“Dasar pengecut! Bisa-bisanya kamu melakukan ini?!” Steve mengambil langkah berat dan menuju Ray.
Steve berniat meraih lehernya namun Ray dengan lincah dan kuat menangkis tangan Steve.
“Aku bisa mengatur racunnya semauku. Bahkan sekarang aku bisa membunuhmu dengannya.”
“Maka lakukan saja! Aku tak peduli jika harus kehilangan nyawa selama aku bisa menghajarmu!”
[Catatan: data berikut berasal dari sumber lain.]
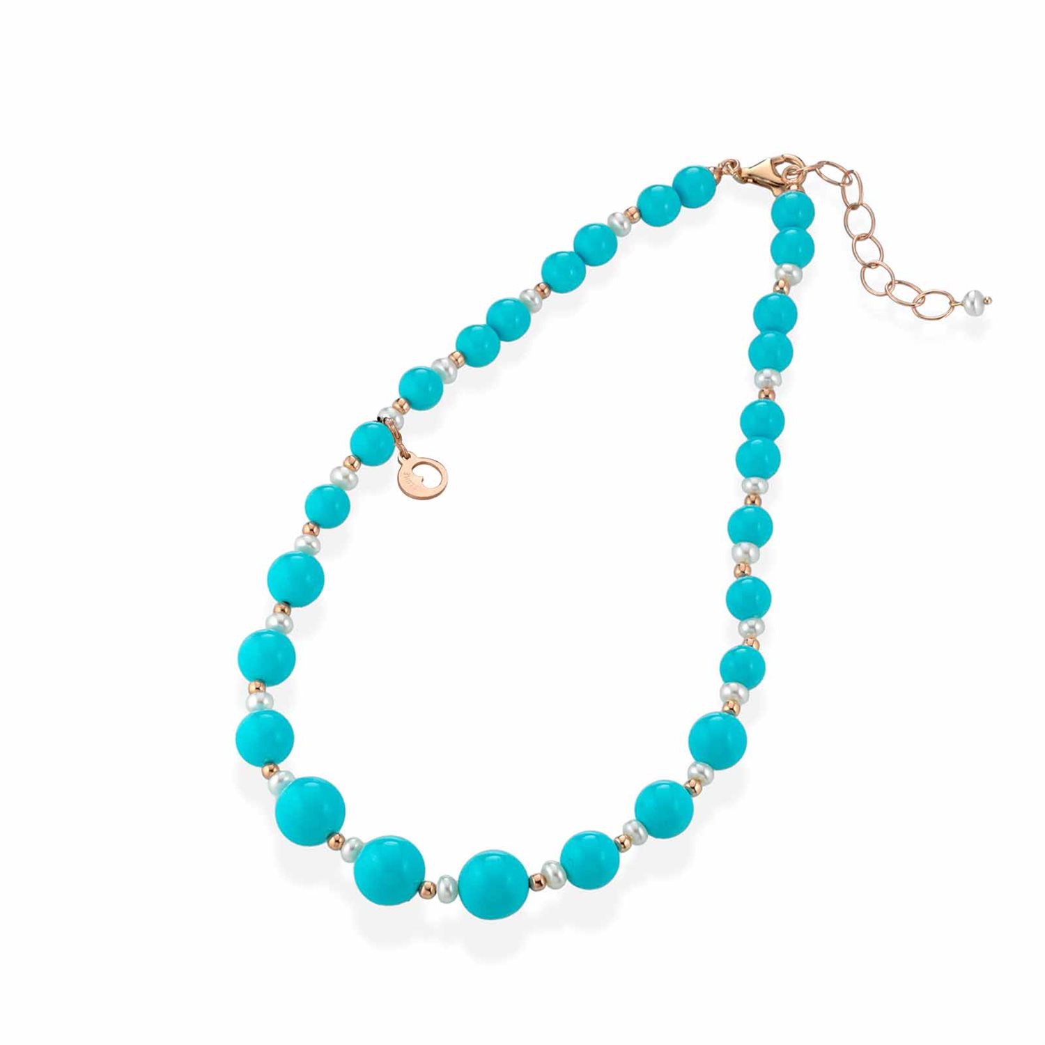 Collana in pasta di turchese con argento rosa e perle d’acqua dolce
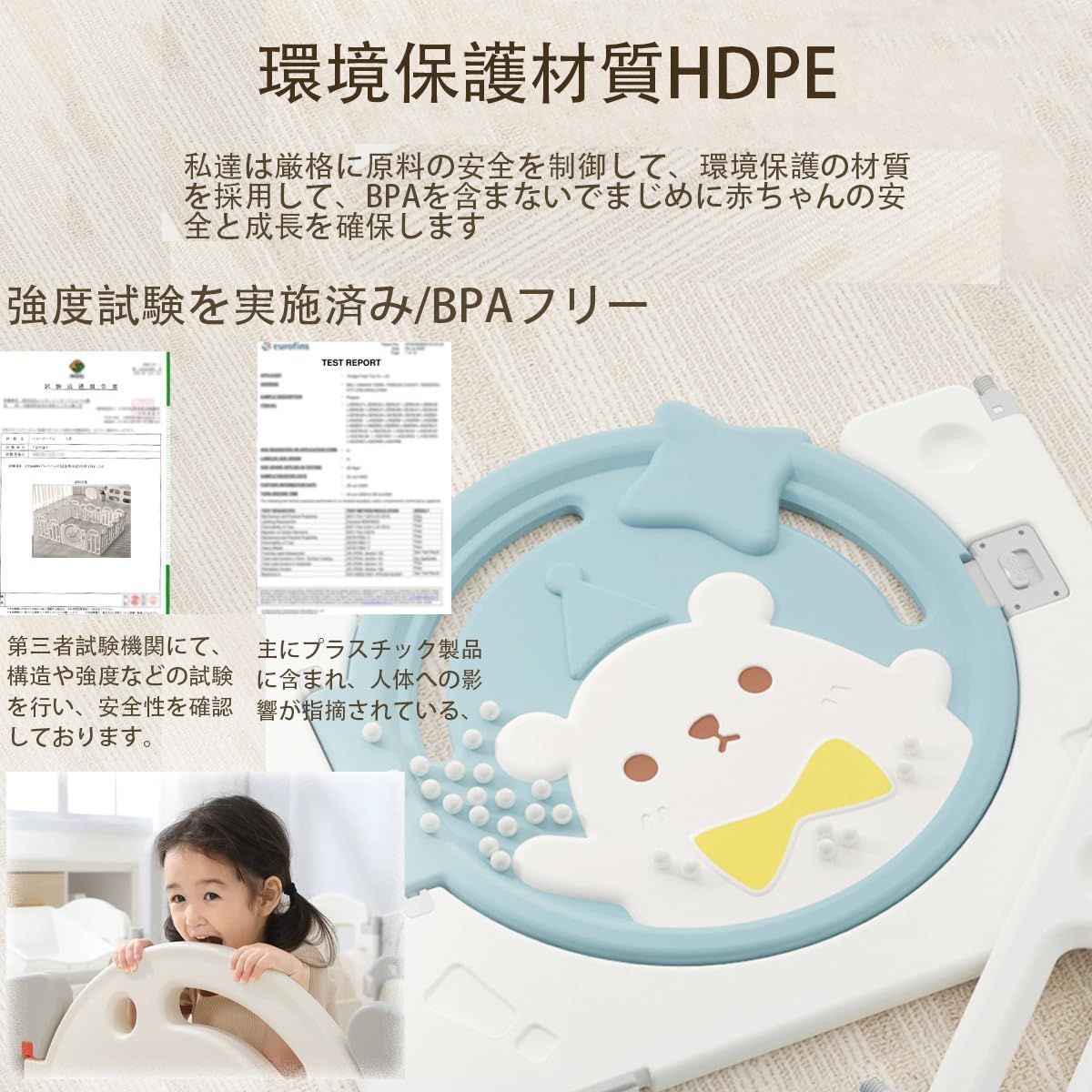 【安全な設計】超巨大なゲームのフェンスはCPCの標準に符合して、高密度のポリエチレンプラスチックで作られて、無毒で且つ摩耗に強いです。折りたたみ式のゲームフェンスは、下部がアップグレードされた吸盤でできているため、赤ちゃんや幼児用のゲームフェンスが地面にしっかりと固定され、転倒しにくくなっています。

“Kamu mungkin tidak namun bagaimana dengan teman-temanmu? Kamu tak peduli apa yang akan terjadi dengan mereka?”
Steve menoleh menatap Edward dan yang lainnya. Terutama Nadia yang terlihat begitu cemas selagi memegang lehernya yang terluka.
Benar. Jika aku memilih mati di sini maka mereka akan sedih. Jauh dari apapun aku tak ingin mereka menderita lebih dari ini. Pikir Steve.
“Aku tidak masalah jika kamu ingin tetap melanjutkannya. Lagipula aku akan tetap berdiri sampai akhir.”
Ray tak peduli jika harus kehilangan satu atau dua nyawa kelompok Edward namun untuk situasi sekarang ini saja dia tak menginginkannya.
Jika harus menghilang setidaknya terjadilah ketika semua ini selesai. Segala hal akan jadi bencana andaikata Steve memilih mati sekarang juga.
“Cih! Kamu pecundang terbesar yang pernah aku temui!” Steve menyerah dan mengumpat selagi meludah.
Pecundang, pengecut, licik hingga rendahan. Apapun julukan yang akan Ray terima takkan mengubah tujuannya untuk berdiri di puncak.
“Jadi ... akankah kita melakukannya sekarang?” Edward berusaha mencairkan suasana dengan menepuk tangan dan mengalihkan situasi.
“Lebih banyak waktu terbuang akan lebih besar kemungkinan kita terbuang ke jurang. Seperti yang aku bilang sebelumnya, aku akan mengambil tempat paling berbahaya yakni orang ke enam.”
Meski enggan mau tak mau dia harus melakukannya. Ada beberapa hal yang mungkin saja terjadi jika Ray mengambil posisi di luar orang ke enam.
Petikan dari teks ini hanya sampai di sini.